Using BFS for Disconnected Graphs
We used BFS for a connected graph previously. However, we can also use BFS when nodes are not all connected. We’re going to use the same graph data since the modified algorithm can be illustrated with either kind of graph. The modified code is:
from collections import defaultdict, deque
def bfs(graph, start):
queue = deque([start])
visited = set([start])
while queue:
node = queue.popleft()
print(node)
for neighbor in graph[node]:
if neighbor not in visited:
visited.add(neighbor)
queue.append(neighbor)
for node in graph.keys():
if node not in visited:
queue = deque([node])
visited.add(node)
while queue:
node = queue.popleft()
print(node)
for neighbor in graph[node]:
if neighbor not in visited:
visited.add(neighbor)
queue.append(neighbor)
graph = defaultdict(list)
edges = [("A", "B"), ("A", "C"), ("B", "C"), ("C", "D"), ("C", "E"), ("C", "F"), ("D", "F"), ("E", "F")]
for edge in edges:
graph[edge[0]].append(edge[1])
graph[edge[1]].append(edge[0])
bfs(graph, "A")
We have used an additional “for” loop. The loop iterates over all the nodes using the “graph.keys()” method. BFS starts a new queue if it finds an unvisited node and works recursively. By doing this, we visit all disconnected nodes.
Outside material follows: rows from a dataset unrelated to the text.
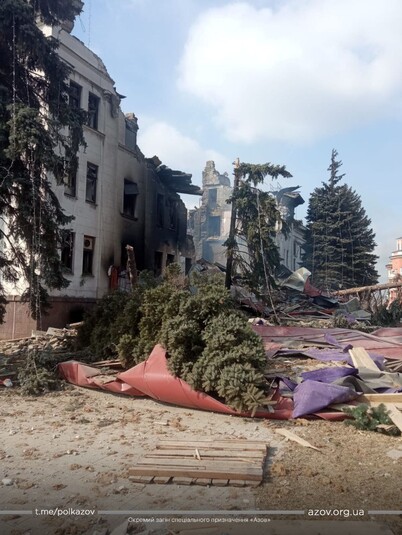 Російські окупанти, що скинули на Маріупольський драматичний театр бомбу, тепер не дають забрати з-під завалів людей, які ховалися в бомбосховищі будівлі. Про це повідомляє полк «Азов-Маріуполь» у Telegram.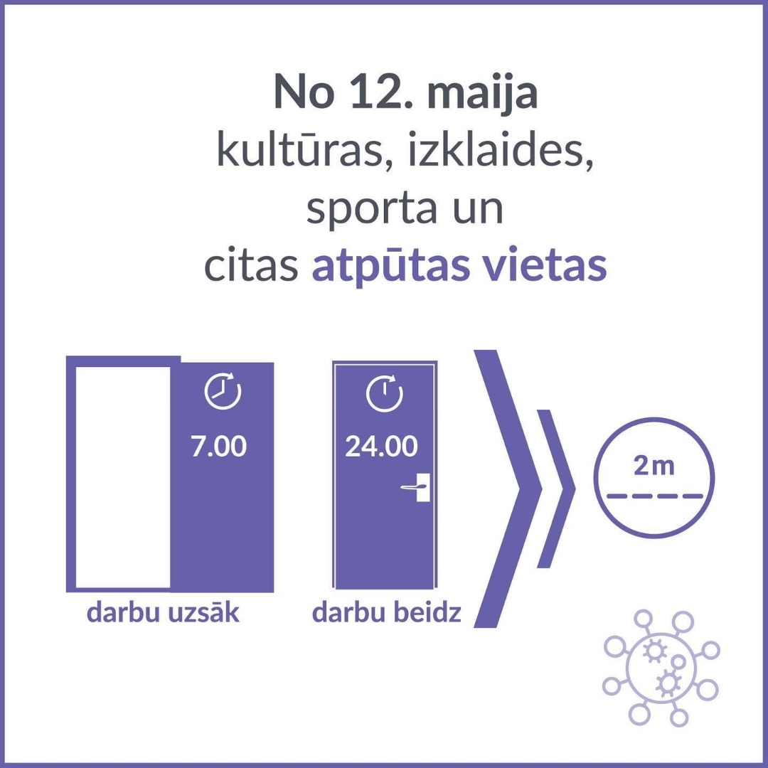 Pēc 12. maija tiek atļauts organizēt tūrisma pakalpojumus ceļošanai tikai Latvijā, Lietuvā un Igaunijā. 14 dienas pašizolācija dzīvesvietā neattieksies un Latvijas valstspiederīgajiem un pastāvīgajiem iedzīvotājiem, kā arī ārzemniekiem, kuri pēdējo 14 dienu laikā nav apmeklējuši valstis, kas nav Latvija, Lietuva vai Igaunija.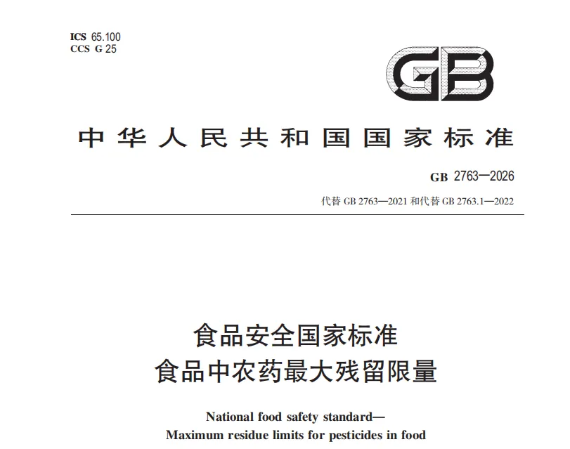 2026年3月1日,GB2763-2026《食品安全国家标准 食品中农药最大残留限量》正式实施;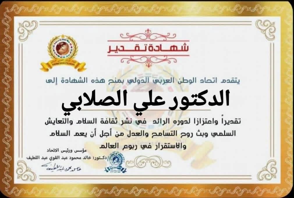 رئيس اتحاد الوطن العربي الدولي الدكتور خالد محمود عبد القوي عبد اللطيف يمنح شهادة تقدير للدكتور علي الصلابيitihadworld13/12/2025تكريمات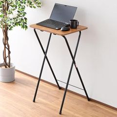 RYST-5040H(90)(ABR/BK) アンティークブラウン/ブラック 完成品 幅50×奥行52×高さ90cm メラミン天板(傷・汚れ・水分・熱に強い) 机 ハイタイプ サイドテーブル 折りたたみ式 ミニ テーブル 山善(YAMAZEN)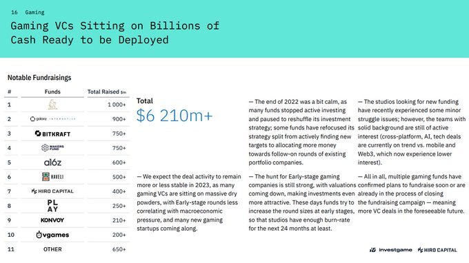 因为疫情中的资本热潮,出现了很多新成立的游戏基金而现有基金也有许多设立了新的游戏专项基金,市场中持资本等待投资机会的总额有62.1亿美元。大多数基金仍然在积极寻找适合他们的早期游戏项目。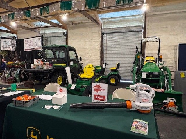 Castongia Tractor was one of the event’s sponsors and had a booth space in the Jasper County Fairgrounds Commercial Building. They showcased their portfolio of residential turf equipment, including a 1025R compact utility tractor, S240 riding lawn mower, John Deere’s electric zero-turn mower, 835 Gator XUV, and various STIHL outdoor power equipment pieces. The booth also featured promotional items, literature, and a leafblower giveaway.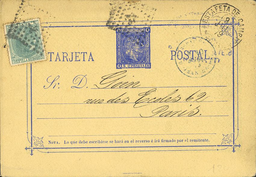 English EP8. 1879. 5 cts blue, Entire Postal Card envelope and 5 cts green, complementary postage. MADRID to PARIS. MAGNIFICENT.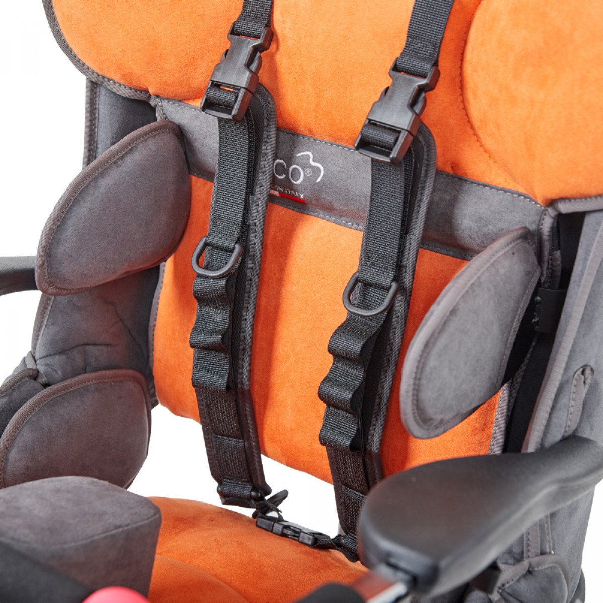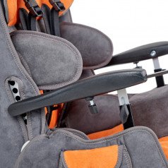 В базовой комплектации коляска устанавливается на прогулочную раму Fuori New,которая отлично подходит для использования как в помещении, так и на улице. Она легко проходит в дверные проёмы, не занимает много места. Удобное сиденье легко снимается и может быть установлено на различные опорные рамы: Fuori, High Low, Dentro. В зависимости от особенностей малыша вы можете легко настраивать глубину сиденья, высоту и угол наклона спинки. Для надёжной фиксации ребёнка в кресле предусмотрен прочный 5-точечный ремень, а для дополнительной безопасности – мягкий поручень-ограничитель. Кресло обеспечит боковую поддержку и поддержку таза: коляска оснащена боковыми тазовыми поддержками с независимой настройкой. Имеется мягкий регулируемый абдуктор, функциональный подголовник Shapeable регулируется по высоте, глубине и углу наклона. Коляска имеет очень удобные подлокотники с регулировкой по высоте, а также сплошную настраиваемую подножку с держателями стоп и голени.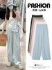 Calça Yamamoto de Seda de Leite Azul para Mulheres 2026 Novo Verão Estilo Fino Petite Casual Solta Preguiçosa Seda de Gelo Calça Wide Leg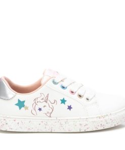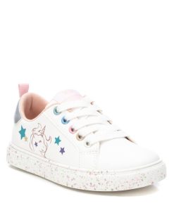 Zapatilla con cordones de la marca Xti Kids. Fabricada en material que imita a la piel. Con un bonito estampado de fantasía en el lateral. Tirador trasero para facilitar la puesta. Piso moteado con resistente suela de goma antideslizante. Un modelo casual para las peques de la casa. Este modelo ha obtenido el certificado vegano por la organización mundial PETA (Organización de los derechos de los animales).

See the image below for an illustration.
©History-Computer.com
Best and Worst Use Cases for BFS
Now we know how BFS works, we should look at the time and space complexity of the algorithm to get an idea of its best and worst use cases.
Time Complexity of BFS
| Case | Complexity |
|---|---|
| Best | O(V + E) |
| Average | O(V + E) |
| Worst | O(V + E) |
We can see that the time complexity is the same in all cases, and is equal to O(V + E), where V is the number of vertices and E is the number of edges. In the best case, where we only have one node, the complexity will be O(1), because V = 1 and E = 0. In the average and worst cases, the algorithm visits all nodes that it can reach from the source node, so the complexity depends on the structure and size of the graph in both cases.
Space Complexity of BFS
| Case | Complexity |
|---|---|
| Best | O(V) |
| Average | O(V) |
| Worst | O(V) |
Again, we see that the complexity is the same for all cases. The algorithm visits each node no matter the graph structure. Therefore, the complexity depends on the number of vertices in the graph.
Wrapping Up
BFS is one way to traverse the nodes in a graph, calculate path distances, and explore relationships between nodes. It’s a very useful algorithm for exploring network systems and detecting graph cycles. BFS is relatively easy to implement for both connected and disconnected graphs. A benefit is that the time and space complexity are the same for all cases.